Brin and Page took the name Google from the mathematical term “googol”, referring to the number 1, followed by a sequence of 100 zeros. According to reports, Google was initially run by computer servers based at Stanford; it was also reported that the same location was used to test an earlier version.
Early deals saw legends Brin and Page offering to sell Google for $1 million, but no deal was ever finalised. In August 2004, Google first took its place on the stock market, with shares costing $85. The now multi-million-dollar company sees today’s share price to be in excess of $1,000. Google then moved their headquarters to Mountain View, where they remain to this day. The legendary code of conduct, “Don’t be evil” clause remains, as does Google’s mission statement to make the world’s information available to everyone across the globe.
Revenue was initially received by targeted online advertisements with markets paying for their advertising when their links were opened by the operator. The introduction of Maps, Gmail, Chrome, Android mobile operation systems has aided their chain of success.
Google later introduced the Pixel range of smartphones, that have dominated markets with many manufacturers. Their success has seen the purchase of the YouTube sharing platform in 2006 at a value of $1.65 billion, which at the time seemed an excessive amount – it has since proved its worth in the world of online entertainment.
More recently, the company has invested large sums into the so-called “X Lab” projects. Future technology research from Google includes refining Google Glass, augmented reality smart glasses that can be linked to the internet, self-driving cars, and balloons with the capability to fly at high altitudes to provide internet services to remote locations that are difficult to access. Some of these projects have paid off, these projects have evolved into companies, such as Waymo in the case of the self-driving car technology. Even so, Google Glass has not been as successful and failed at an early hurdle – undeterred, Google is working on the glasses and as of last year, an updated version is available, if a little costly.
In 2015, following some commercial restructuring, Google’s parent company Alphabet was introduced, as were subsidiaries of Google, namely the aforementioned Waymo, Verily (involved in health sciences) and others. Alphabet employees over 80,000 people across the world, making most of their revenue from online advertisements. eMarketer, an internet industry tracker, forecasted that jointly, Google and Facebook would receive 57.7% of the US’s digital advertising revenue in 2018.
Google have been successful in utilising AI with their digital assistant smart speaker and other devices, rivalling Amazon, Apple and Microsoft’s products in the market. In the 2nd quarter of 2018, Google issued profit reports of $3.2 billion. These figures followed Google’s fine of $5.1 billion earlier this year from the European Union for anti-trust violations regarding its dominance in the smartphone market.

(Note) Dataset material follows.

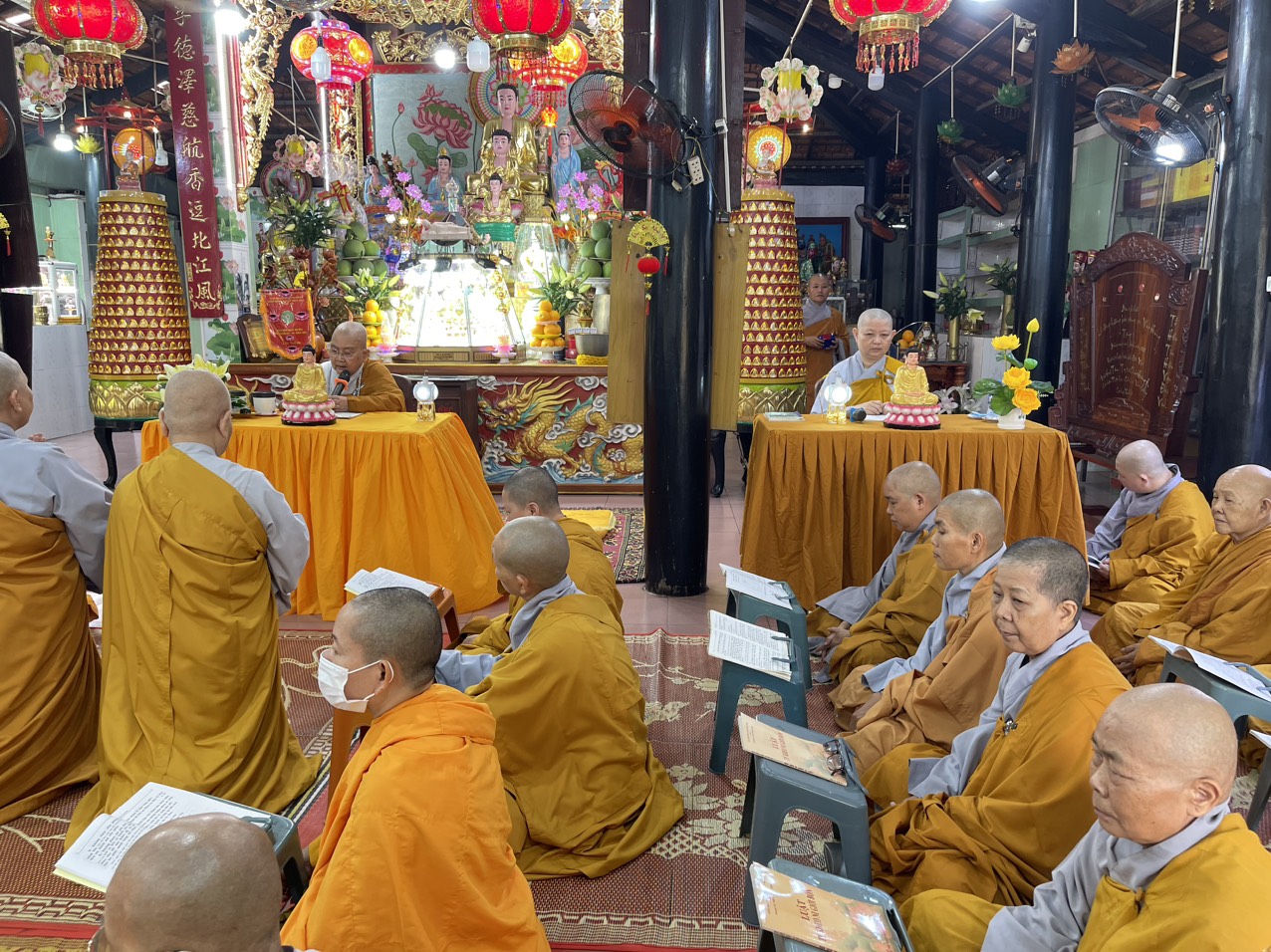 Chứng minh và khai thị giới Kinh có Ni sư Thích Nữ Huệ Tâm - Cố vấn Phân Ban Ni giới tỉnh, Phó thiền chủ, Hoá chủ trường hạ; Ni sư Thích Nữ Huệ Hiếu, UVTT Ban Trị sự , UVTT Ban Hoằng pháp GHPGVN tỉnh, Phó hoá chủ, Bố tát sư hạ trường, Ban Chức sự và hơn 50 hành giả an cư tham dự.

Europe’s regulators raised concerns that Google had abused that dominance relating to online searches and advertising, in conjunction with the Android operating software on smartphones. Concerns have also been raised that Alphabet were more interested in receiving their revenue from using people’s private data than safeguarding it. Accusations alluding to siphoning money and tempting news readers away from mainstream news feeds and organisations by providing alternative news features in their search lists that would result in revenue for advertisements were made.
Google have been instructed to ensure that the information they hold is protected against “the spread of misinformation”. President Trump has targeted Google and requested that “the chorus of Republicans who contend conservative viewpoints are downplayed within search results”. It will be interesting to see Google’s story in another twenty years. Anything is possible.